EXTRACTED DATA
--------------------------------

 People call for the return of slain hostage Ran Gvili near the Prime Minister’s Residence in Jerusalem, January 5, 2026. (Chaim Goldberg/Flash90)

--------------------------------

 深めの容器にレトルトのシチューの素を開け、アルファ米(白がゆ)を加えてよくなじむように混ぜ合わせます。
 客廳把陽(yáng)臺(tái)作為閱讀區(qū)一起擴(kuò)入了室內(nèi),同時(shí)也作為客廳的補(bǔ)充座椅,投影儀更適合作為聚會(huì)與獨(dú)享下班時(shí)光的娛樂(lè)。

--------------------------------

WORK TO BE COMPLETED
Look above for the line with "深めの容器にレトルトのシチュ" and the line with "客廳把陽(yáng)臺(tá". Write out those two lines and all the lines between them, exactly, and no others.

WRITTEN REPLY
 深めの容器にレトルトのシチューの素を開け、アルファ米(白がゆ)を加えてよくなじむように混ぜ合わせます。
 客廳把陽(yáng)臺(tái)作為閱讀區(qū)一起擴(kuò)入了室內(nèi),同時(shí)也作為客廳的補(bǔ)充座椅,投影儀更適合作為聚會(huì)與獨(dú)享下班時(shí)光的娛樂(lè)。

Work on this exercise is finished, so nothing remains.